Rafael Ojeda
Podemos asumir la historia de un país, como el proceso de
constitución de su subjetividad nacional. Una subjetividad
hegemónica que con sus pretensiones de totalidad, ha ido
generando, en el mestizaje, el espectro etnocultural
interseccional que ha estado superponiendo y desplazando a otras
subjetividades alternativas, existentes o pasibles de existir.

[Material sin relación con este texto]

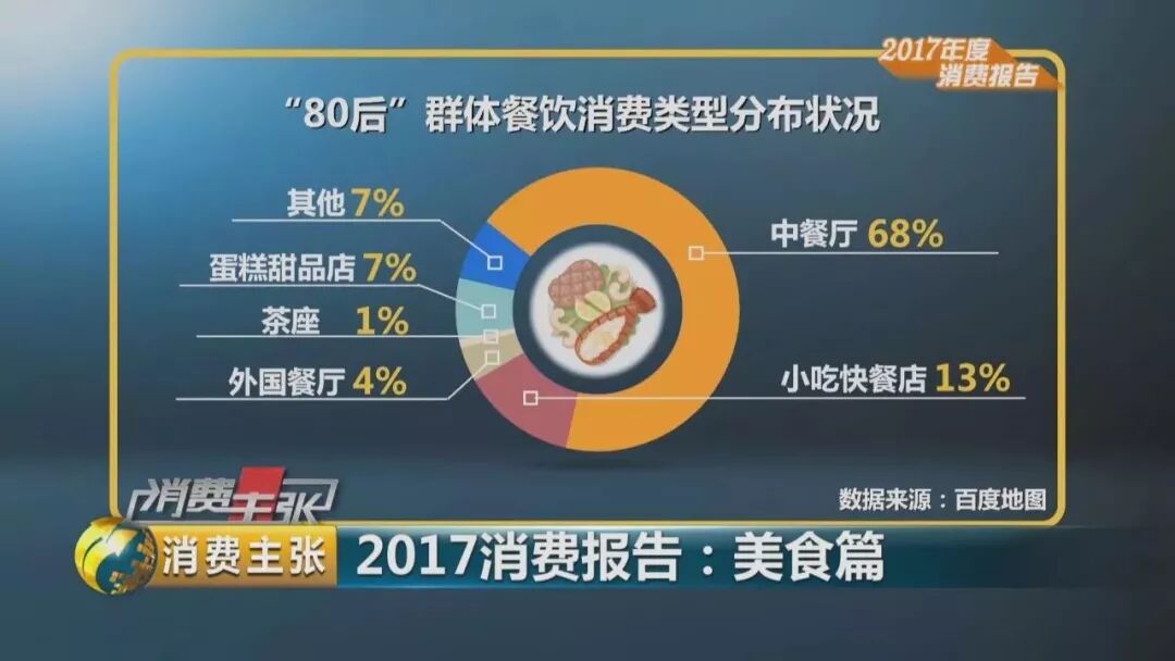 “80后”对于中餐的占比只有68%,而小吃快餐、蛋糕甜品、外国餐厅的占比则分别达到了13%、7%和4%。
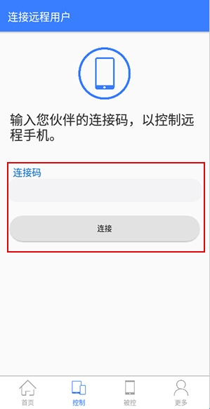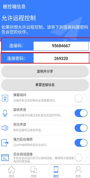 3、被控功能是你需要别人帮助的时候你把被控中的连接码给他他就可以连接你的手机;
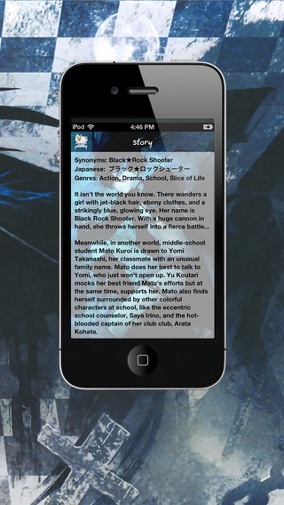 Hi Welcome to BRS ! Black Rock Shooter Wallbook Anime This Application for Black Rock Shooter Fanclub This Application collects many details for BRS Fanclub such as - Wallpapers - Camera - Postcard - Synopsis - Character details - Agent site (Website,BBS,Forum and Shoping Item and Accessory) - Sharing and Social network
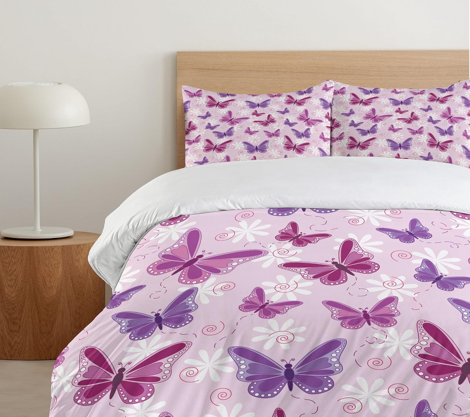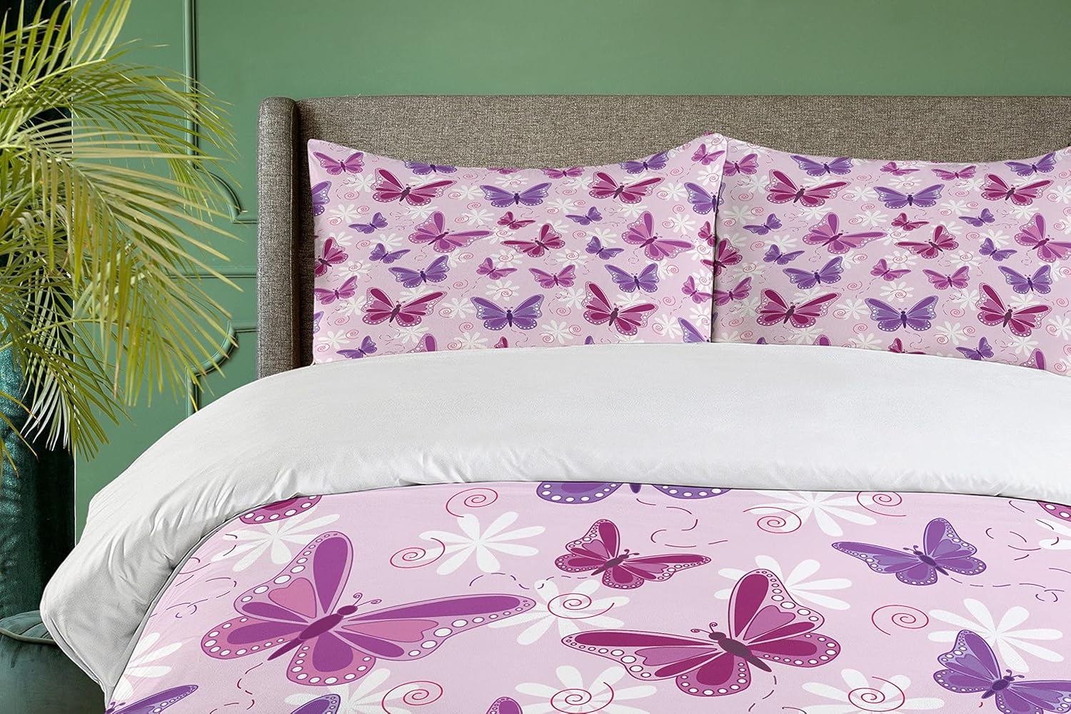 Ambesonne Butterfly Duvet Cover Set, Various Flying Butterflies Colors Hippie Style Print Design, Decorative 3 Piece Bedding Set with 2 Pillow Shams, Queen Size, Purple Magenta
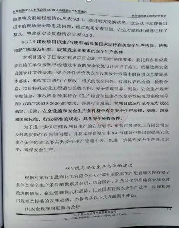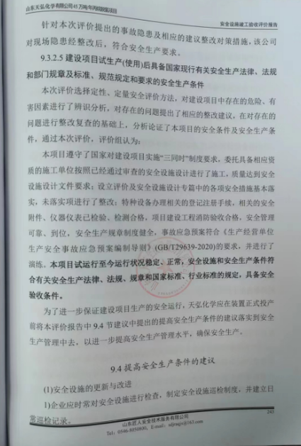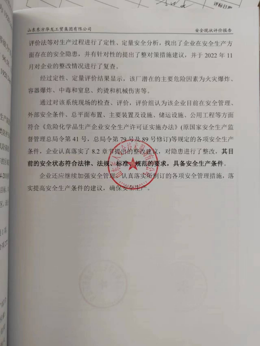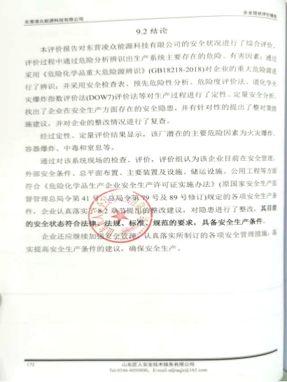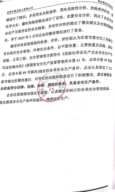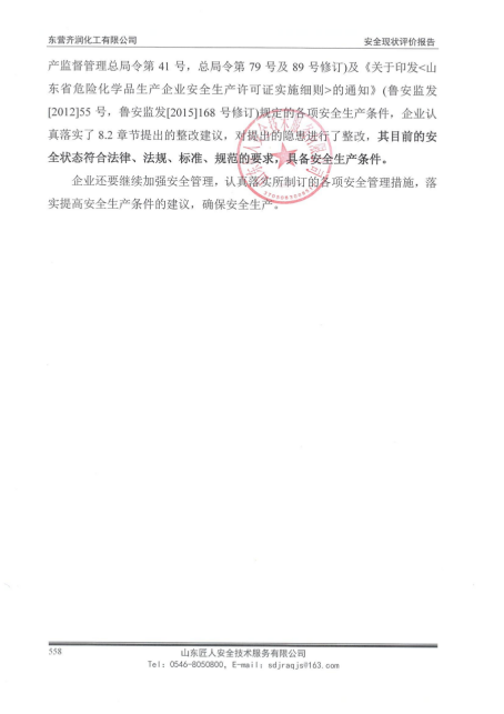 有必要公开的其它内容: 本评价报告对东营齐润化工有限公司的安全状况进行了综合评价。评价过程中通过危险分析辨识出生产系统主要存在的危险、有害因素;通过采用《危险化学品重大危险源辨识》(GB18218-2018)对企业的重大危险源进行了辨识;并采用安全检查表、预先危险性分析、危险度评价法、事故后果模拟评价法和道化学火灾爆炸指数评价法(DOW7)评价法等对生产过程进行了定性、定量安全分析,找出了企业在安全生产方面存在的安全隐患,并有针对性的提出了整改对策措施建议,并对企业的整改情况进行了复查。 经过定性、定量评价结果显示,该厂潜在的主要危险因素为火灾爆炸、容器爆炸、锅炉爆炸、中毒和窒息、灼烫、触电、机械伤害、高处坠落、物体打击、起重伤害、车辆伤害、淹溺、噪声和振动、坍塌等。 通过对该系统现场的检查、评价,评价组认为该企业目前在安全管理、外部安全条件、总平面布置、主要装置及设施、储运设施、公用工程等方面基本符合《危险化学品生产企业安全生产许可证实施办法》(原国家安全生产监督管理总局令第41号,总局令第79号及89号修订)及《关于印发<山东省危险化学品生产企业安全生产许可证实施细则>的通知》(鲁安监发[2012]55号,鲁安监发[2015]168号修订)规定的各项安全生产条件,企业认真落实了8.2章节提出的整改建议,对提出的隐患进行了整改,其目前的安全状态符合法律、法规、标准、规范的要求,具备安全生产条件。 企业还要继续加强安全管理,认真落实所制订的各项安全管理措施,落实提高安全生产条件的建议,确保安全生产。 | |||
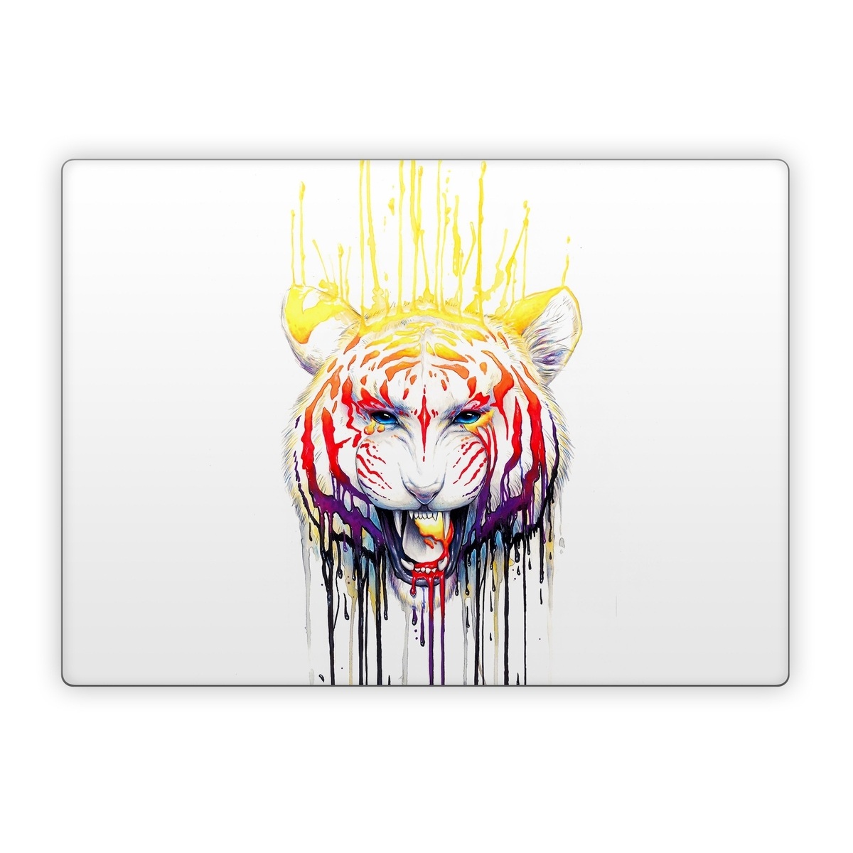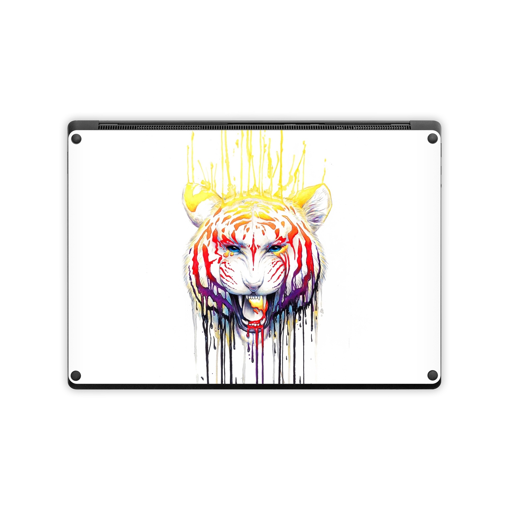 iStyles Microsoft Surface Laptop Series Skin design of Jaw, Roar, Organism, Gesture, Art, Font, Felidae, Painting, Illustration, Drawing, with white, black, yellow, red, orange, purple colors, and tagged with animals, paint, rainbow, tiger.
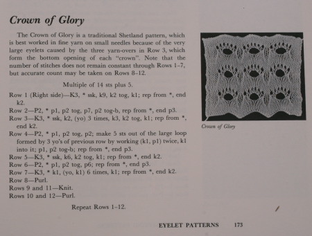 You know, if Barbara Walker hadn’t included this motif in her first Treasury, I’m not sure we would still have it today. You don’t find many patterns that use this motif. I went looking for a knit pattern, something free, something that made good use of the Crown of Glory to link here. Couldn’t find one.
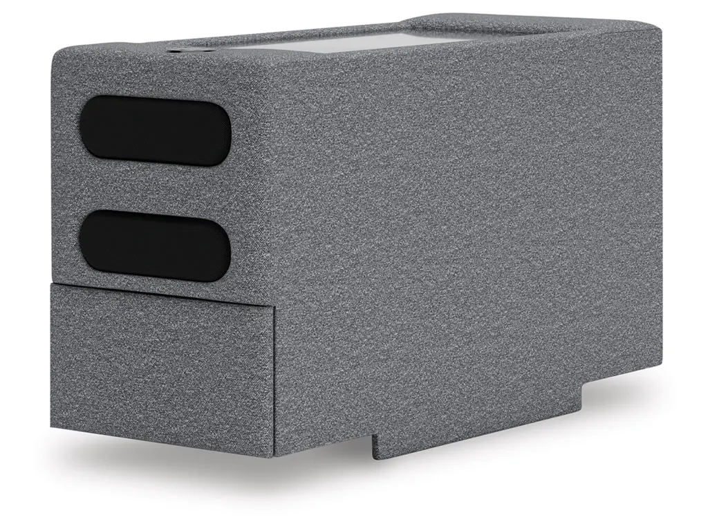 The Omaha by Ashley sectional with audio evolves as your family’s needs do. Its adaptable modular design makes staging and rearranging a breeze. Living room messes leaving you stressed? Cleaning is that much easier with stain-resistant and durable Next-Gen Nuvella™ fabric. A storage console with a built-in audio system gives family movie nights or gaming with friends an immersive upgrade. Complete with USB charging, this sectional brings fashionable function to everyday lounging.
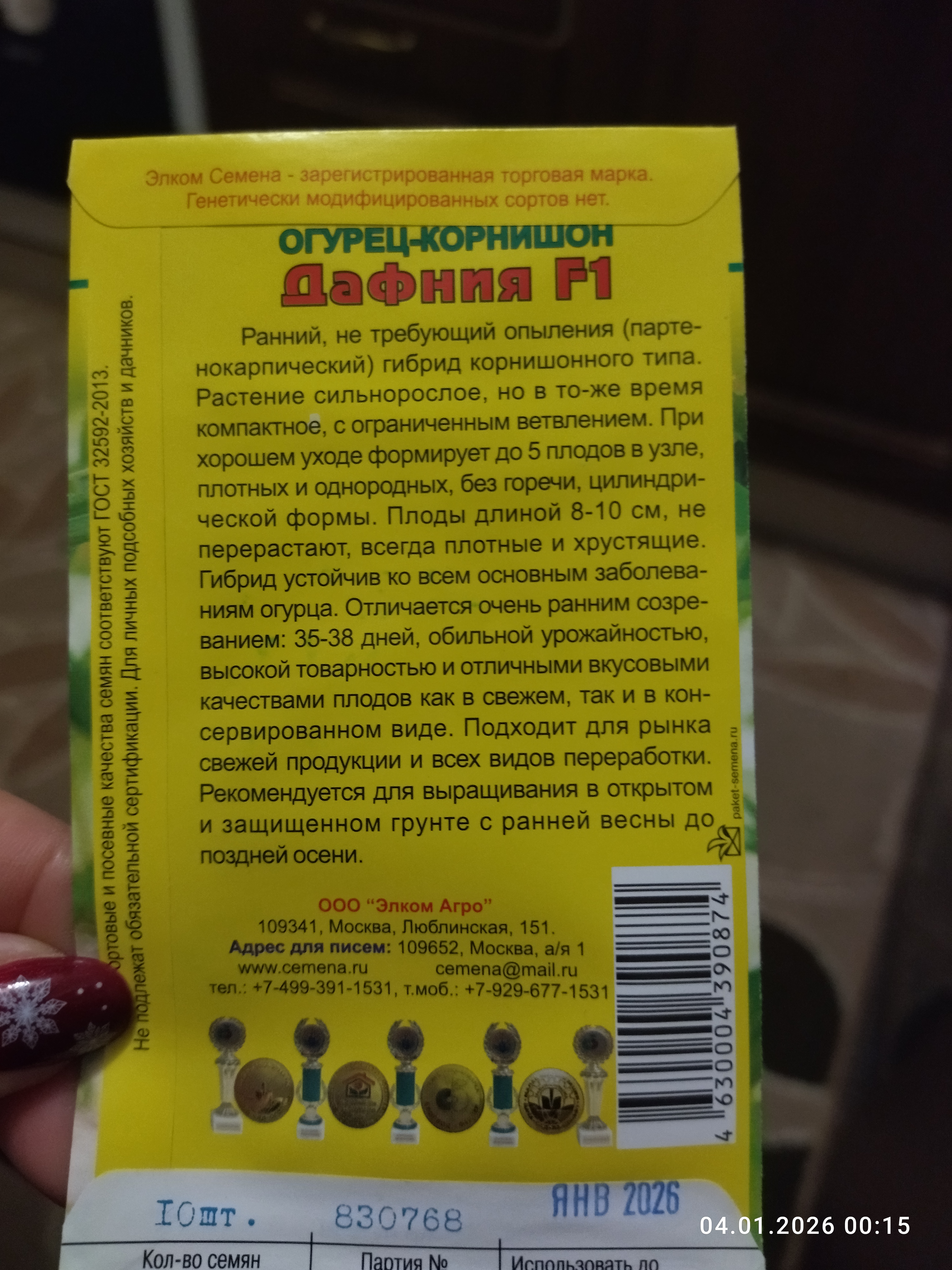 Отзывы и вопросы о товаре «55руб.70руб.Н.Х. Огурец Дафния F1 (10 сем.)»
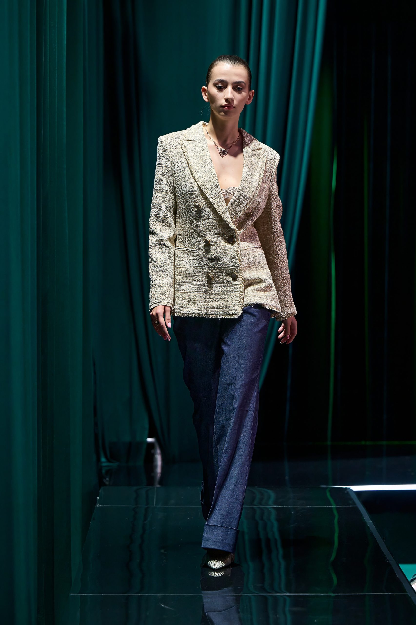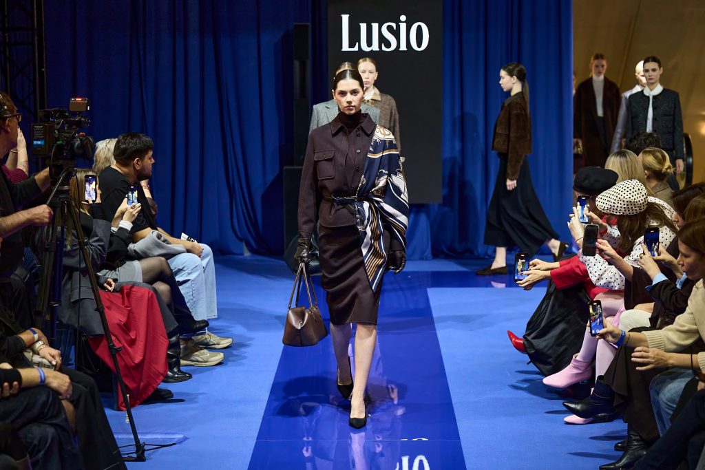 Следующим свою коллекцию показал международный бренд женской одежды LUSIO. Бренд создает коллекции в стиле утонченной элегантности и современной классики, а собственное производство полного цикла позволяет гарантировать высокое качество каждой детали. Премиальные натуральные ткани, продуманные силуэты и европейская эстетика делают вещи LUSIO актуальными и не подвластными течению времени. Сегодня бренд представлен более чем в 20 флагманских магазинах в России.
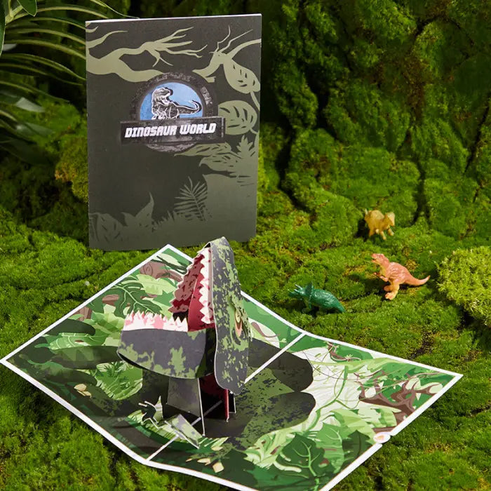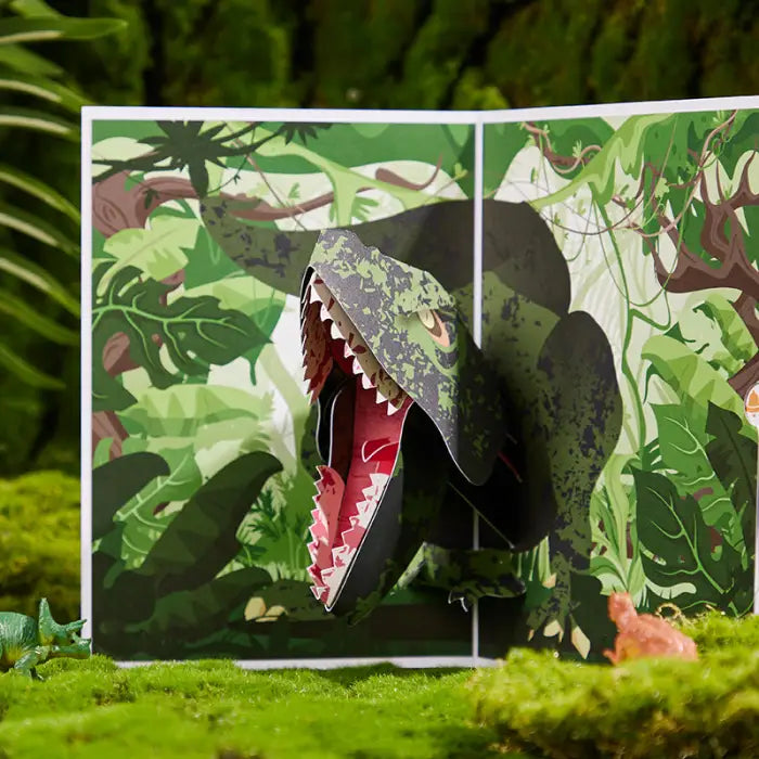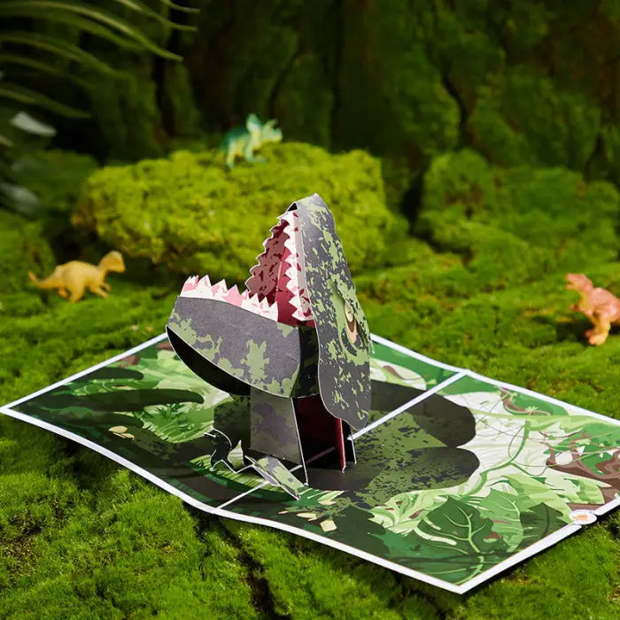 A Giganotosaurus Dinosaur Pop-up Card is a type of 3D greeting card that features a detailed illustration of the Giganotosaurus dinosaur. When the card is opened, the Giganotosaurus pops out from the center, creating a visually striking and interactive experience. The card may also include additional illustrations, facts, and information about the Giganotosaurus, its habitat, and other relevant details. These pop-up cards are typically used for special occasions such as birthdays, holidays, and other celebrations, and they can serve as a unique and memorable gift or keepsake.

Con el discurso mestizo representado como la
oposición-imposición de una macrohistoria oficial sobre varias
microhistorias segregadas o subalternas. Como un acto de
subjetivación sociohistórica que se extiende desde una primaria
acepción individual-psicológica de autoconciencia personal,
hacia una acepción colectivo-sociológica, como subjetividad
consciente de sí misma, e inscrita en el interior de una
tradición mental, histórica, cultural y política colectiva; en
la que lo mestizo y su lógica omniabarcante, está siendo
inscrito como subjetividad hegemónica, desde un eje de poder
encarnado en la oficialidad que tiende a promoverla e imponerla.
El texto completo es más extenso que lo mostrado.